Quando la sintomatologia dolorosa viene identificata essere di pertinenza delle strutture extragonadiche si deve porre in diagnosi differenziale l’ernia inguinoscrotale strozzata, il trauma del testicolo con/senza ematocele e l’edema idiopatico dello scroto.
L’ernia inguinoscrotale strozzata si presenta con caratteristiche diverse a seconda dell’età del paziente. Nel lattante l’esordio è talvolta misconosciuto; il piccolo presenta pianto, rifiuto del cibo e vomito. Si assiste ad una progressiva compromissione dello stato generale, mentre si rende evidente una tumefazione inguinoscrotale irriducibile, la cui palpazione risulta particolarmente difficoltosa per il dolore e per la frequente presenza di abbondante pannicolo adiposo. La sofferenza dell’ansa incarcerata (sino alla possibile perforazione) e la conseguente occlusione possono intervenire dopo 12-24 ore. Nel bambino l’ernia inguinoscrotale strozzata esordisce in modo più evidente: il paziente presenta un aspetto sofferente, anche se le condizioni generali rimangono inalterate. Obbiettivamente è presente una tumefazione inguinoscrotale di riduzione difficile se non impossibile, la cui palpazione è spiccatamente dolorosa.
In caso di trauma scrotale il dato anamnestico è spesso sufficiente a dirimere il dubbio diagnostico. Si deve però tener presente che spesso si può riscontrare una incostante correlazione fra entità del trauma e tumefazione scrotale, talora associata ad un versamento ematico entro le tonache scrotali (ematocele).

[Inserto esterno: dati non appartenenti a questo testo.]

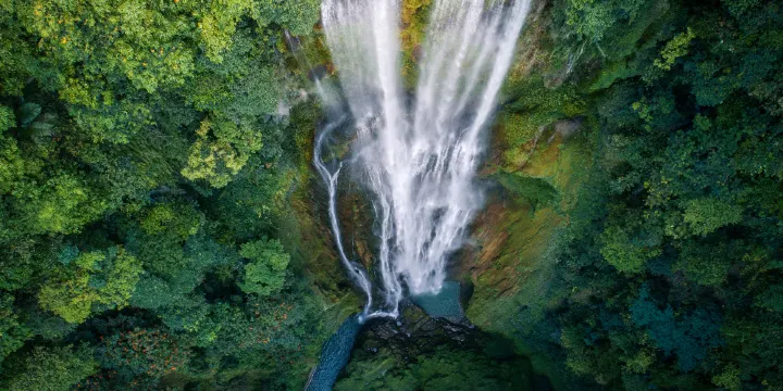 通靈大瀑布位於廣西古龍山水源林自然保護區內,距離靖西縣城約30公里的通靈大峽谷中。通靈大峽谷全長約1000米,寬200米,深300米。猶如地球突然裂開一條縫,形成一個碩大的"天坑"。通靈大峽谷是集瀑布、天坑、地下河、溶洞、豐富的大自然植被為一體的新發現的觀光景點。通靈大瀑布豐水期寬度約30多米,枯水期也始終保持10多米的寬幅。洶湧清澈的河水一頭栽進"天坑",形成一個單程高達160多公尺的瀑布倒掛前川。雨季來臨,峽谷內瀑布聲如滾滾春雷;震耳發聵;旱季時節,峽谷內瀑布聲如喧嘩鬧市,令人神往。更令人稱奇的是,從天而降的大瀑布與從地下突然冒出的長約800米的地下河交匯,一起進入瀑布下方一個叫鴛鴦潭的深潭後,便又悄沒聲兒地消失在地下河中,不管多大的水都無法淹沒峽谷。步入峽谷,但見古樹老藤遮天蔽日,珍稀植物種類繁多,山澗清流急喘直下,溶洞景觀天然獨特。而隆隆的大瀑布則為大峽谷更增添了神秘莫測的色彩和無比壯麗的景觀。根據初步測定,通靈大瀑布高達一百六十八米,寬三十米,是目前中國發現的落差大的瀑布。一年四季瀑水凌空而下,水霧騰空,聲如炸雷,氣勢雄偉。瀑布兩側懸崖矗立,谷底有明、暗河,四周古樹參天,老藤遮天蔽日,奇特的地形地貌匯集了品種繁多的珍稀植物,種類之多僅次於雲南的西雙版納。通靈大瀑布位於距靖西縣城三十公里的廣西壯族自治區龍山水源林自然保護區內,離聞名於世的跨國瀑布大新縣德天瀑布三十多公里。通靈大瀑布秀峰延綿、河流縱橫,風景異常優美。峽谷內統合了世界中罕見的特高瀑布群、洞中瀑布、地下河、峽谷溪流、洞穴觀光、古石壘、古懸葬,原始植被等自然景觀與人文景觀,整個景區古樹老藤遮天蔽日。遊通靈大峽谷,使您賞心悅目的還是多達兩千多種各類珍稀植物,這裡有瀕臨滅絕的國家一類保護植物,如有出現在侏羅紀時代與恐龍同時生長的桫欏群、蓮子觀音坐蕨等蕨類植物,還有碩果累累的桄榔樹、奇異的咬人樹、艷麗的火焰樹等珍稀植物,使通靈大峽谷蒙上了神秘的面紗,真可與雲南的西雙版納相媲美。我們身臨如大千妙鏡,讓人彷彿回到了遠古時代。

L’ edema idiopatico dello scroto si contraddistingue invece per la netta discrepanza fra l’entità della tumefazione e dell’eritema della parete scrotale, talora imponenti ed estesi anche al pene, ed il dolore soggettivo, presente ma in modesta misura. Anche obbiettivamente la palpazione locale evoca un dolore abbastanza modesto.


Terapia

  • Il trattamento dell’ernia inguinoscrotale strozzata prevede un tentativo di riduzione per taxis. Si seda il paziente per ottenere il rilassamento della parete addominale; posto il paziente in posizione di Trendelenburg (natiche sollevate su un cuscino, testa più in basso) si manipola bimanualmente la tumefazione erniaria cercando di “spremerne” il contenuto in addome, al fine di ridurre il volume delle anse erniate e di favorirne lo spontaneo rientro in cavità. In caso di insuccesso è indispensabile procedere ad intervento chirurgico d’urgenza, onde prevenire la necrosi del testicolo e la necrosi con perforazione delle anse erniate.
  • Trauma scrotale – amatocele: Il trattamento è essenzialmente conservativo. Nei casi più gravi è consigliabile l’esplorazione chirurgica.
  • Edema idiopatico dello scroto: non è richiesto alcun trattamento, ad eccezione dell’eventuale uso topico di pomate antistaminiche e/o cortisoniche.